And so, like a child, I believed that my only true friend would come. I couldn't remember a time that he hadn't been with me. As odd as it sounds, I don't regret the fact that it was I who decided that we should go to Misty Island, the one place we were forbidden, and I who had inadvertently caused his change. I know that I should feel guilty, and a small part of me does; but it was because of the accident that we grew closer than ever before. He would come. I knew it.

He will come.

The guards were eventually denied the pleasure of seeing my face twisted with pain as they abused me. A sharp voice cut through the welcome fog that had enveloped my senses, the fog that served to dull the pain ever so slightly. "Lay off. The Baron has other plans for him."

I was left in blissful peace after that, left to stare at the walls of my tiny cell so intently that at times I saw Daxter's face there, smiling compassionately at me, so realistic that I repeatedly leapt at the wall in an effort to touch him, just to know that he was real. And each time that I discovered that he wasn't there, each time that my desperately grasping fingers were met with nothing but cold metal, I could find the strength within myself to so nothing but curl up into a ball and weep.

All my heart was centered around his furry little self.

And just when I thought that I was healing, just when I thought that I would be left to rot with the lights that were too blindingly bright, left with the water that tasted too metallic and the food that was bland and spoiled, left with the smell of long-dead air and metal that was always as cold as ice, the Baron's "other plans" were revealed.

The second that I saw that chair, I felt my heart turn to lead in my breast. I struggled against my captors, receiving a hard blow to the back of my head. Blood from a reopened wound dripped on the floor as I struggled not to lose consciousness from the blow. All too soon, I wished that he had allowed himself to slip into oblivion.

The cold of the table sliced through me as soon as his back was forced down upon it, leaving a dull ache in my bones. Then the hard bands snapped shut, binding me to the table, leaving me to stare up at the huge chunk of metal that loomed overhead, shaking violently with pure terror. I could scarcely breathe, scarcely think. I tried as hard as I could to shut my eyes, but my body did not obey my will. All I could do was watch as the metal moved until it was pointing at me, watch as it began to glow with an unnatural mixture of green and black, one that was horribly familiar to him: the ethereal color of Dark Eco.

"Activate it now."

The machine began to whir and the glow grew stronger, grew larger as it raced down to impact my body and encase my psyche in its unnatural essence.

It hurt like nothing I had ever felt before.
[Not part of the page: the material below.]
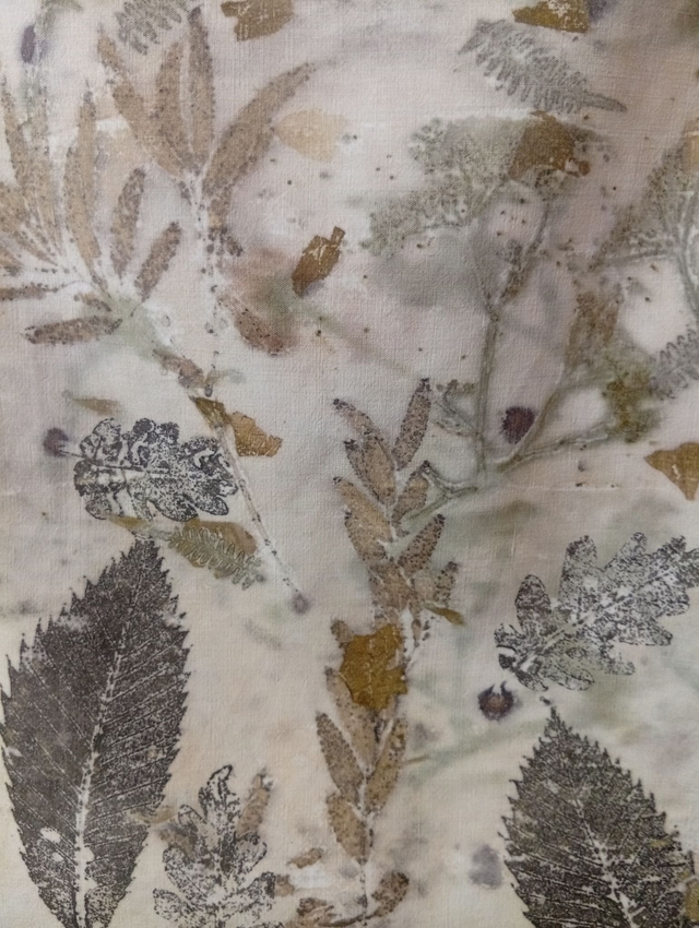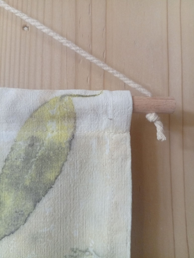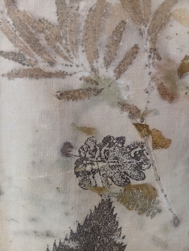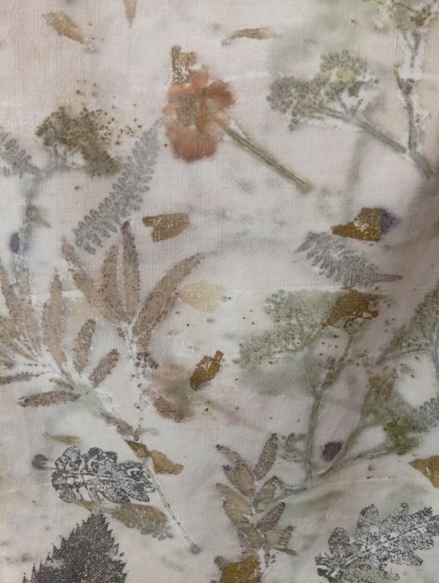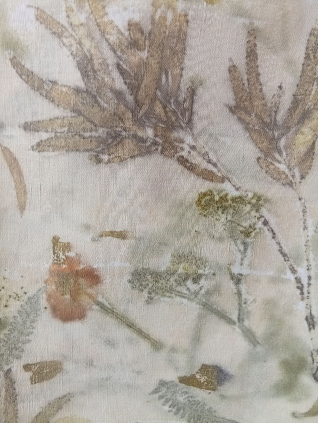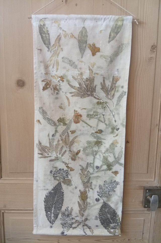 Ce kakémono a été imprimé artisanalement avec la technique de l'écoprint, qui consiste à recueillir directement sur le tissu l'empreinte de végétaux fraîchement cueillis.

My body burned, was encased in ice, I was being stretched until my flesh was being pulled apart, I was being compressed until all the parts of my body were smashed together, all indistinguishable from any other part of me, I was soaring above the world, I was impacting the ground, I was everything, I was nothing, I was alive and feeling, I was dead and could feel nothing, I was light and dark. I was blackness itself.

After what seemed like hundreds and hundreds of aeons, the light abated, leaving all of my body screaming with pain and my chest heaving as I gasped desperately for breath. People circled the table, leaning in to stare at me. My eyes rolled around as I tried to take them all in, to make sense of something and to see them through the dense fog that was all around me. Finally, one face leaned in closer and my eyes focused on him. Had I been able to recoil, I would have done so, for it was a monster that stared down at me. One eye bore down into me; the other was covered by a menacing metal contraption that disfigured his face.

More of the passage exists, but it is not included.